+++ Collected data +++

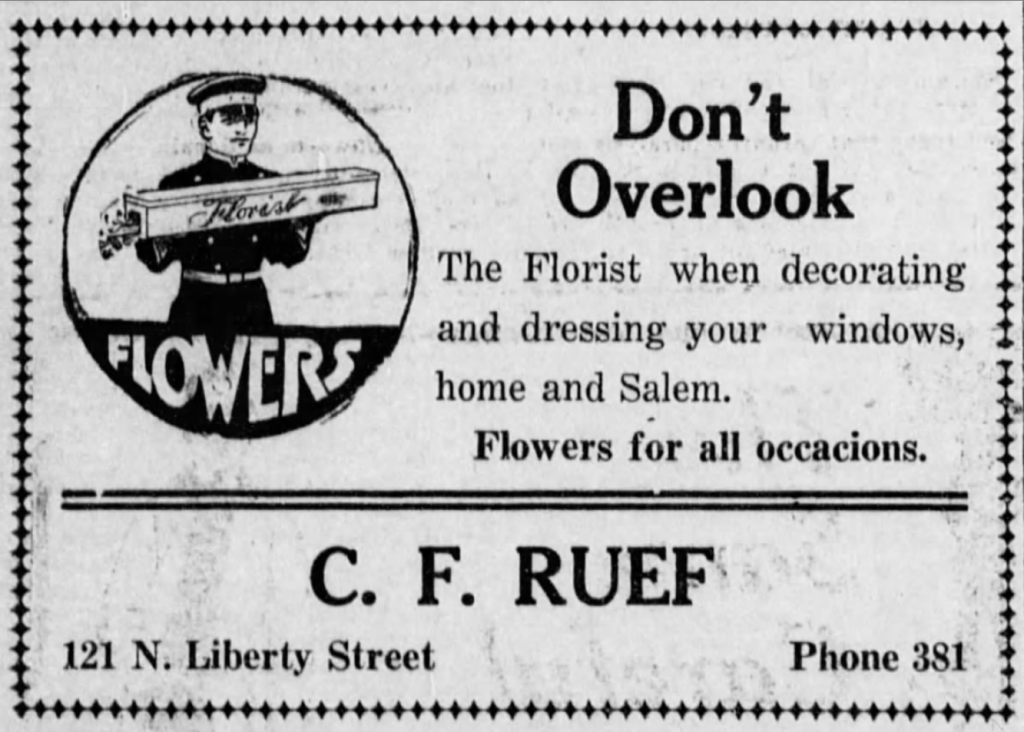 Carl F. Ruef was a first-generation American from German immigrant parents who was born in Claremont County Iowa on May 20, 1879 and grew up in Salem, Oregon. With his brother Edward, Ruef established the largest floral greenhouse operation in Oregon outside of Portland near the intersection of 17th and Market Street in Salem, with a retail storefront in downtown Salem. In the 19-teens Ruef, built a reputation as Salem’s leading florist, knowledgeable about all aspects of flower growing, gardening, and the cultivation of fruits and berries.
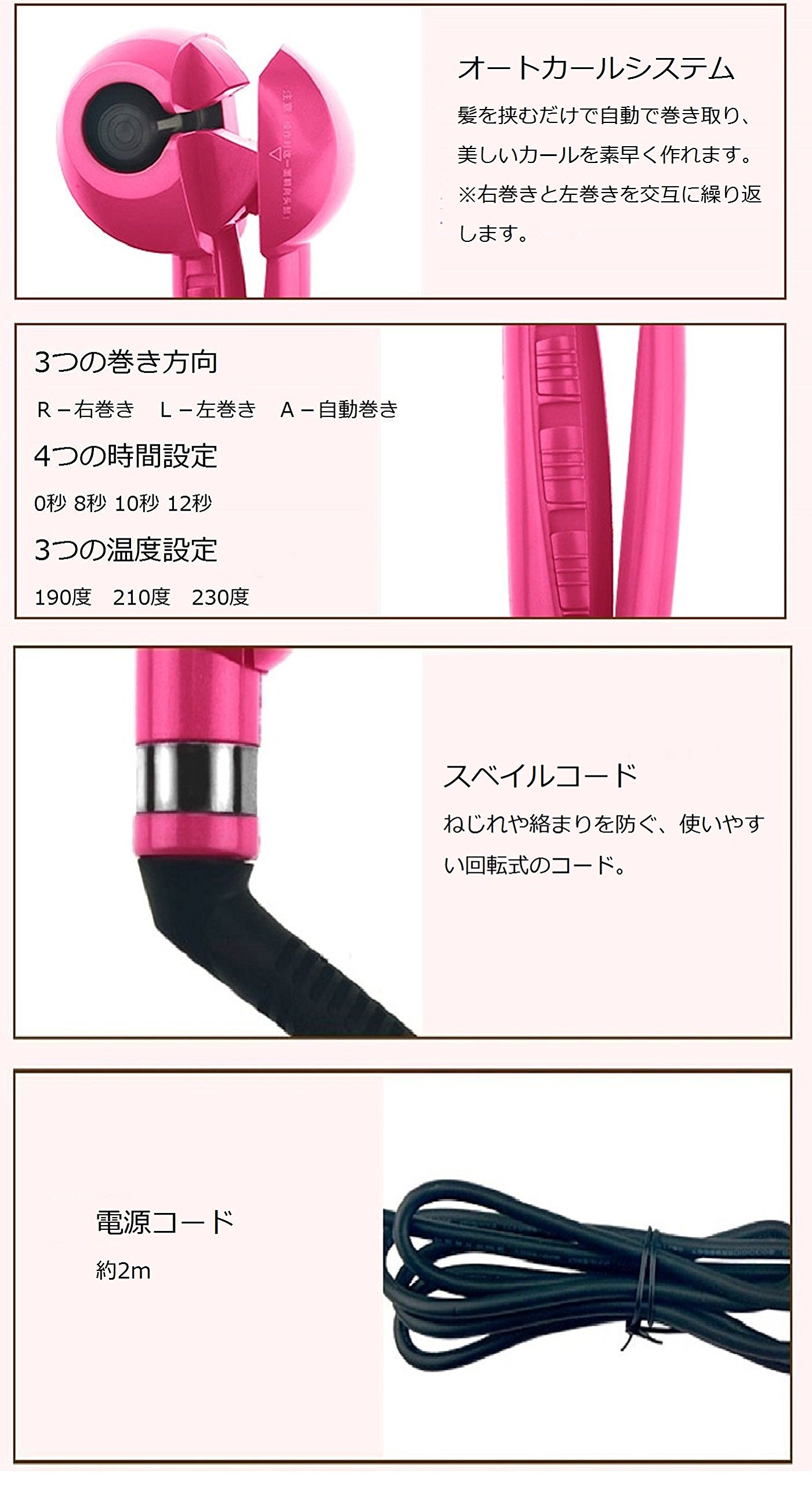 Miracar is innovative technology called ceramic autocal chamber, it takes care of wrapping the hair without troublesome hair just by pinching the hair in the body of the Miracar, it is automatically wound up, so you can make the curls as you want.
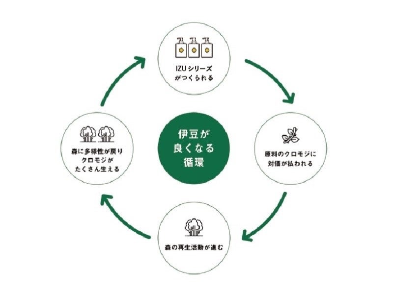 AMUシリーズのハンドウォッシュとボディウォッシュでご好評いただいていた成分はそのままに、IZUシリーズのキー成分を追加。伊豆半島で育ったクロモジですこやかに、 利島の椿でうるおいを与えます。

+++

Work request: What is needed is the listing above, repeated verbatim, without its images.

Expected output:
 Carl F. Ruef was a first-generation American from German immigrant parents who was born in Claremont County Iowa on May 20, 1879 and grew up in Salem, Oregon. With his brother Edward, Ruef established the largest floral greenhouse operation in Oregon outside of Portland near the intersection of 17th and Market Street in Salem, with a retail storefront in downtown Salem. In the 19-teens Ruef, built a reputation as Salem’s leading florist, knowledgeable about all aspects of flower growing, gardening, and the cultivation of fruits and berries.
 Miracar is innovative technology called ceramic autocal chamber, it takes care of wrapping the hair without troublesome hair just by pinching the hair in the body of the Miracar, it is automatically wound up, so you can make the curls as you want.
 AMUシリーズのハンドウォッシュとボディウォッシュでご好評いただいていた成分はそのままに、IZUシリーズのキー成分を追加。伊豆半島で育ったクロモジですこやかに、 利島の椿でうるおいを与えます。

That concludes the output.